TABLE 2 frequency statistics table for grade morphology

And 7: there may be multiple data columns under the same standard terminology (stool analysis-red blood cells), and data columns normalized to the same standard terminology are merged. If the level morphology is inconsistent under the same standard term of the same patient ID after combination, the level morphology is marked as a combination conflict, and finally, the only and correct level morphology is selected from the combination conflict.

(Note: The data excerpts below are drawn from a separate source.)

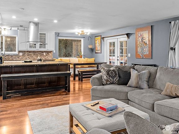 Updated 3 bed, 2 bath open concept home w/fully finished walk out basement. 1 block from private park with access to Hicks Lake! gated RV parking, fully-fenced, private backyard, 2 story composite deck w/hot tub pad, fruit trees, greenhouse and beautiful landscaping surrounds property. Large front yard w/ 6 cherry blossom trees which bloom in spring. Extra large 2.5 car garage w/work bench. Large main driveway and 2nd driveway for added parking! Picture windows, XL laundry room, bonus room, 2 large living spaces, wet bar, wood laminate flooring throughout. New & updated: heat pump & furnace supply central heat & AC, hot water heater, roof and so much more. This home has so much to offer and has been very well taken care of by the owners.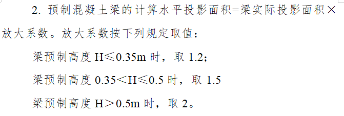 此外,根据《福标》要求计算预制混凝土梁的水平投影面积时,根据梁预制高度进行判断,规则如下: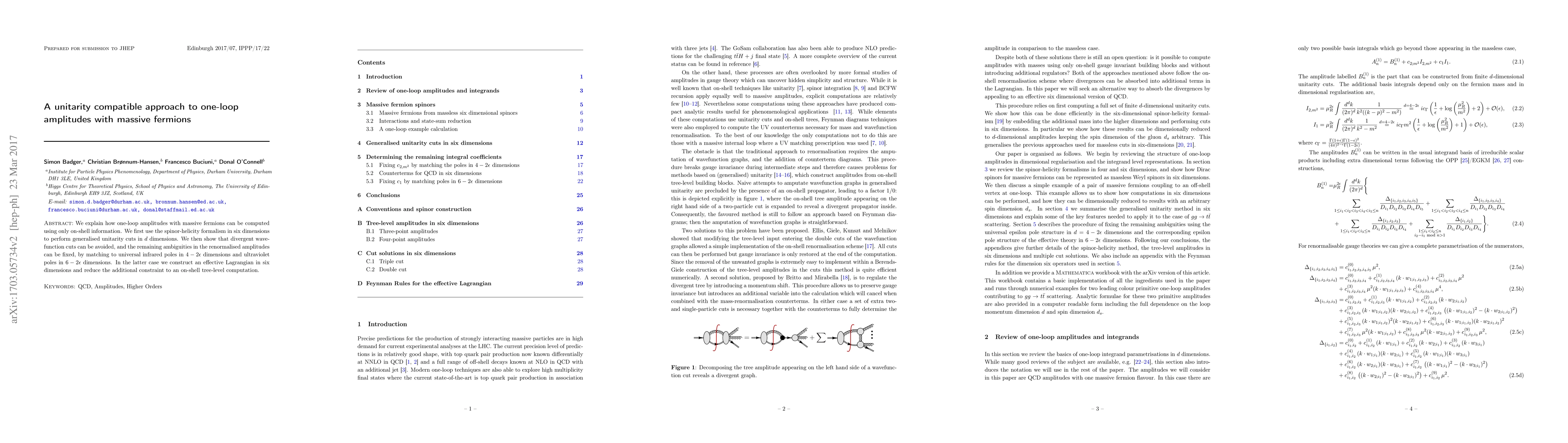 We explain how one-loop amplitudes with massive fermions can be computed using only on-shell information. We first use the spinor-helicity formalism in six dimensions to perform generalised unitarity cuts in $d$ dimensions. We then show that divergent wavefunction cuts can be avoided, and the remaining ambiguities in the renormalised amplitudes can be fixed, by matching to universal infrared poles in $4-2\epsilon$ dimensions and ultraviolet poles in $6-2\epsilon$ dimensions. In the latter case we construct an effective Lagrangian in six dimensions and reduce the additional constraint to an on-shell tree-level computation.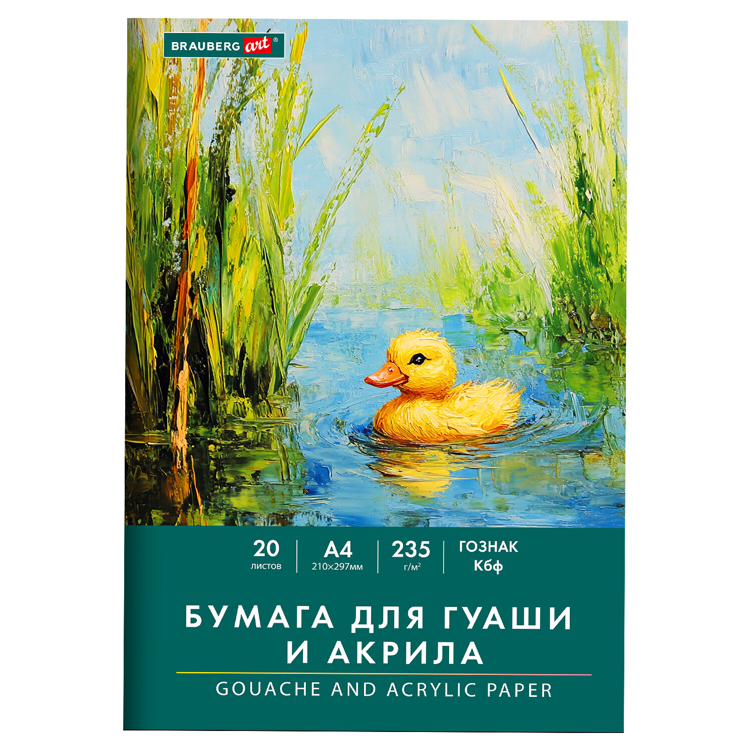 Бумага для гуаши и акрила А4 20 л., 235 г/м2, 210х297 мм, в папке, BRAUBERG ART CLASSIC, "Уточка" Код товара: 117732 191,2 ₽ Купить Производитель:BRAUBERG ART Бумага для гуаши и акрила BRAUBERG ART "CLASSIC" предназначена для рисования водорастворимыми красками (гуашь, акрил, акварель), а также подойдет для рисования карандашами, тушью, ручками и фломастерами. Подходит для профессионального занятия живописью. Рекомендована преподавателями художественных школ. Качественные листы высокой плотности 235 г/м2 устойчивы к истиранию, воздействию влаги, обеспечивают чистую, реалистичную передачу цвета. Текстура бумаги подходит для разных техник рисования, позволяя краскам ложиться на лист ровно и ярко. Папка содержит 20 листов формата А4 (210х297 мм). Белизна 100%. Обложка выполнена из мелованного картона.Производство: РоссияФормат: А4Серия: ClassicПлотность внутреннего блока: 235 г/м2Тип товара: бумага для гуаши и акрила в папкеКоличество листов: 20Внутренний блок: бумага для гуаши и акрилаШирина: 210 ммДлина: 297 ммТекстура: нетЦвет внутреннего блока: белыйБелизна 100%: даБез кислот: даОбложка: мелованный картонТип скрепления: отсутствуетДизайн обложки: УточкаКоличество дизайнов в упаковке: 1 шт.Индивидуальная упаковка: даВес: 330 грРазмер упаковки: 0.6 × 30.3 × 21.7 смОбъём: 0.0005 м3Промежуточная упаковка: 15 штТранспортная упаковка: 15 штШтрих-код: 4606224519272 Сертификат-1.jpg Сертификат-2.jpg Сертификат-3.jpg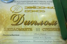 Облак Дарью (преподаватель Толмачева З.Р.) - Дипломанта III степени Международного фестиваля-конкурса "Звездный дождь".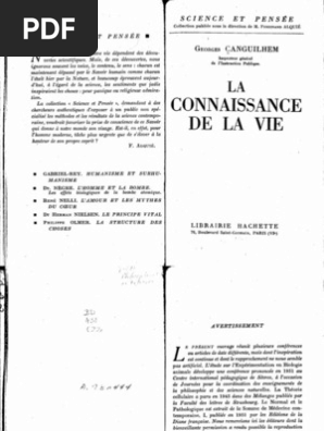 Lidée dune irréductibilité de la vie à une série danalyses ou de divisions des formes vitales. Ce document a été mis à jour le 22072010. Critiques citations 7 extraits de La connaissance de la vie de Georges Canguilhem.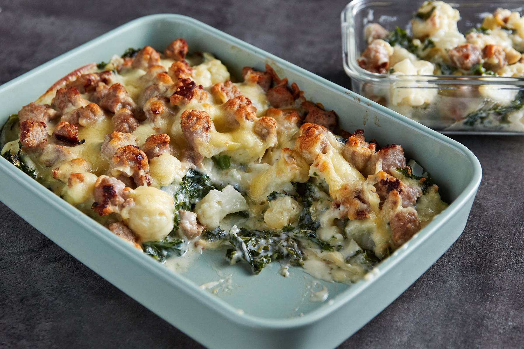 Wir haben den Blumenkohl Käse Auflauf, der wohl eine der besten Beilagen überhaupt ist, mit zusätzlichen Protein und nahrhaftem Grünkohl zum Hauptgericht gemacht. Das Ergebnis ist vollmundig, cremig und definitiv sättigend.

It will be understood that modifications and variations can be made by persons skilled in the art in light of the above teachings and all such modifications and variations are intended to be included within the scope of the invention as defined in the appended claims.

Claims

1. A method for normalizing grade data in medical data, the method comprising the steps of:

and 5: class B mapping rules: replacing the data content in the data column which belongs to the non-pure numerical form with a corresponding hierarchical form through a standard mapping library;

step 6, after cleaning through A, B mapping rules, combining cleaning results to generate a grade form frequency table, and performing quality control on the cleaning results;

2. The method for standardizing the grading data in the medical data as claimed in claim 1, wherein the step 1 is characterized in that the concrete method of standardization processing of the list names comprises the following steps:

3. The method for normalizing grade data in medical data according to claim 1, wherein the specific method of step 2 is as follows:

4. The method for normalizing grade data in medical data according to claim 1, wherein the specific method of step 4 is as follows:

5. The method for normalizing grade data in medical data according to claim 1, wherein the specific method of step 5 is as follows:

6. The method for normalizing grade data in medical data according to claim 1, wherein the specific method of step 6 is as follows:

and (3) carrying out statistics on the level form frequency of each data column under each standard term through an algorithm to generate a level data form frequency statistical table, wherein the form of the statistical table is as follows: standard term name-data source unit/data column-grade morphology frequency-grade morphology percentage; and judging whether the grade form distribution proportion of each data column under the same standard term is abnormal or not by an algorithm based on the grading standard and manual labeling of the standard term table to realize quality control on the grade cleaning result.

7. The method for normalizing grade data in medical data according to claim 1, wherein the step 7 is performed by:

combining all data columns under the same standard term through an algorithm, marking different grade morphologies corresponding to the same patient under two or more same standard terms as combination conflicts, and finally selecting the only correct grade morphology from the combination conflicts.